It’s a dream-come-true moment for those who have been waiting for technology to come up with a solution for controlling home appliances using mobile phones, laptops or other gadgets. Microsoft announces partnership with Insteon (leading the home automation business) to give control of your home literally into your hands. Insteon is a registered trade name for a home automation networking technology that enables light switches, lights, thermostats, motion sensors, and other devices to interoperate through power lines, radio frequency communications, or both. They will be introducing an Insteon app for windows 8.1 as well as for windows phone 8. Using this app you will be able to control all of your Insteon compatible devices. Is it going to be an “exclusive to Microsoft fans” like the case with 99% of Microsoft products? Well the answer is Yes and No. Yes, because initially this partnership will provide products exclusive to Microsoft platform. And no because Insteon’s team tells CNET that they expect the rest of the new features to roll out to Android and iOS users in future — though they wouldn’t commit to a timeline. The Live Tile integration will obviously remain exclusive to Windows though. “The Windows 8.1 platform provided Insteon with an unparalleled opportunity to develop a beautiful and easy-to-use connected home experience. The Live Tile architecture is especially well-suited for home automation,” said Joe Dada,
Insteon CEO, in a statement.
On June 1st, three different Insteon kits will be available to purchase via Microsoft’s online store:
- Starter kit
- Home kit
- Business kit
Lo and behold because that’s not all.
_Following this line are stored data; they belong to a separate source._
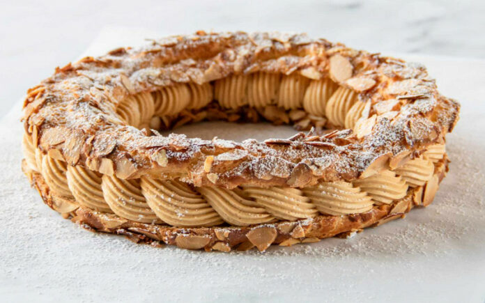 Created in 1910 to commemorate the Paris-Brest-Paris bicycle race, the Paris-Brest is a ring-shaped choux pastry filled with praline-flavored cream.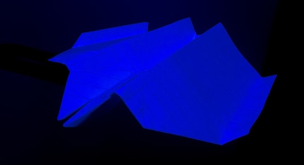 Sowohl im Papier als auch in hellem Stoff befinden sich Bleichmittel, auch optische Aufheller genannt. Es sind diese Aufheller, die das Material zum Leuchten bringen.
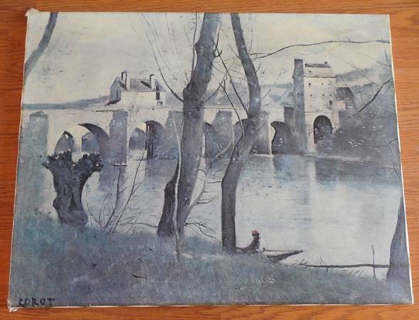 "Le pont de Mantes" reproduction on canvas -22" x 28" black/white/grey canvas reproduction of the original 1868-1870 color oil painting by Jean-Baptiste-Camille Corot that hangs in the Louvre-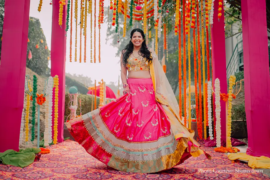 Bride’s Outfits: Aum (Mehendi), Sulakshana Monga (Reception)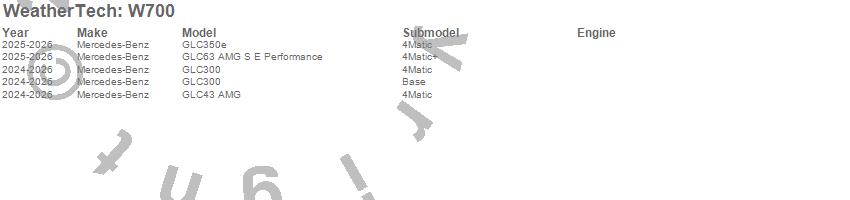 Below is an abbreviated list of applications for the All Weather Floor Mats.GLC300, GLC350e, GLC43 AMG, GLC63 AMG S E Performance, Mercedes-Benz, 2026, 2025, 2024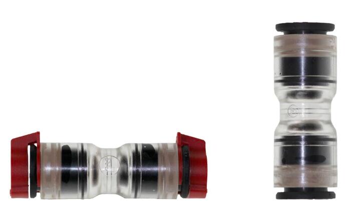 - Equal Tube-to-Tube Connector with Red Tamper-Proof Safety Clips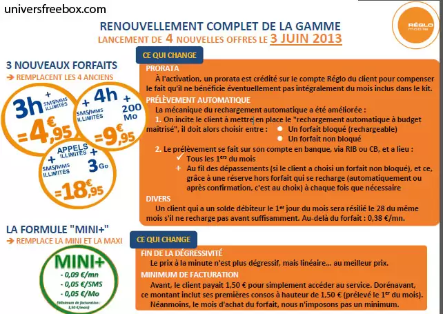 Forfait à la consommation : 1,50 euros (incluant les premières minutes de consommations). Le prix des consommations est en baisse par rapport au forfait précédent : 0,09€/mn, 0,05€/SMS et 0,05€ par Mo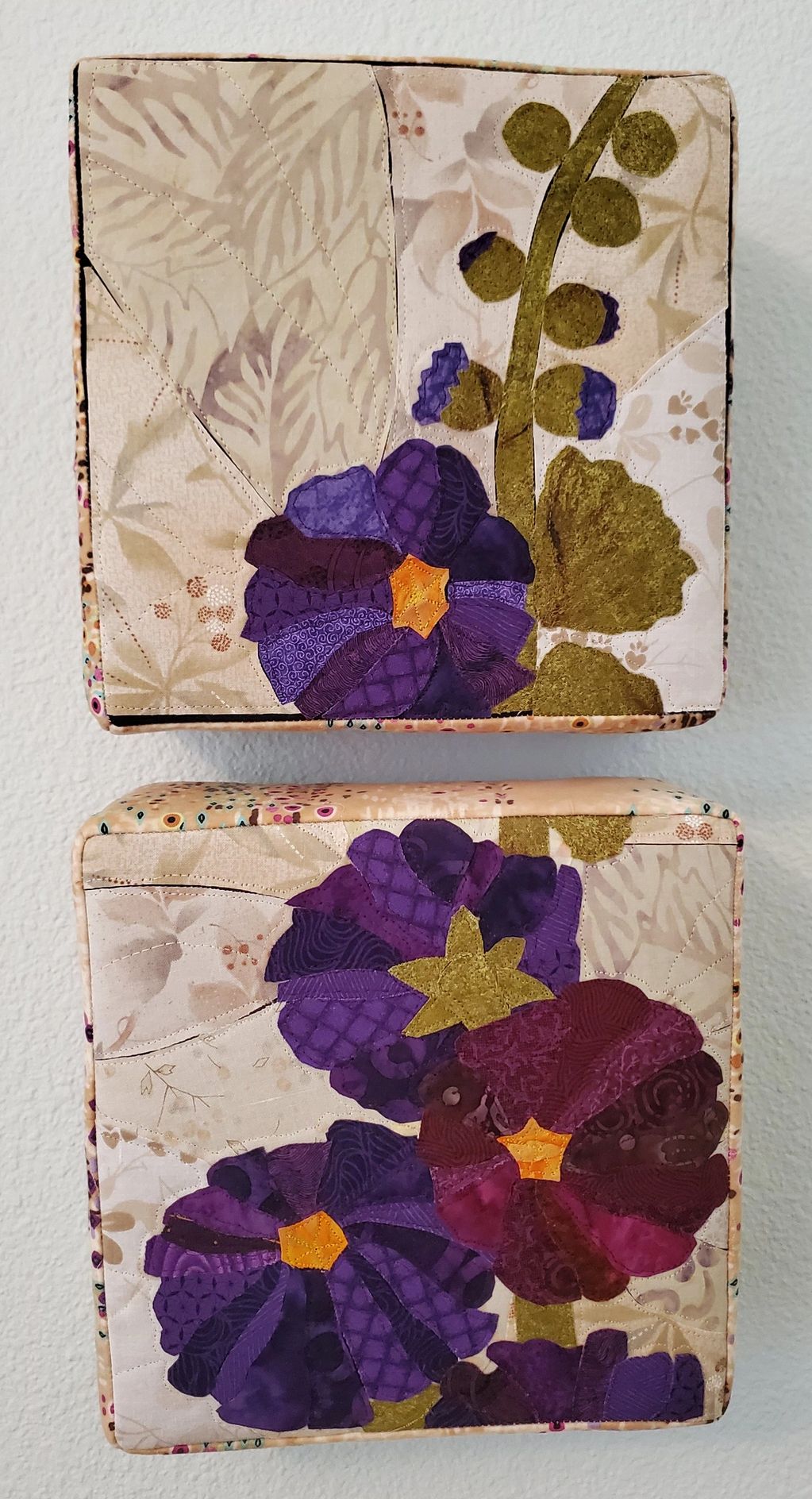 Using a technique I learned from Jean Wells Keenan of Stitchin Post fame I adapted a Ruth McDowell Hollyhock design to make these wall tiles.

There is more excitement on your way which includes five standalone Insteon devices, a leak sensor, an open/close sensor, an LED light-bulb, an on/off module, and a wireless Wi-Fi camera. Devices will range in price from $30 to $80, with kits starting at $199. As we can see Microsoft has gone out of its ways to get into this home automation business, we can positively hope that it won’t be like Microsoft’s previous failed attempts in this field.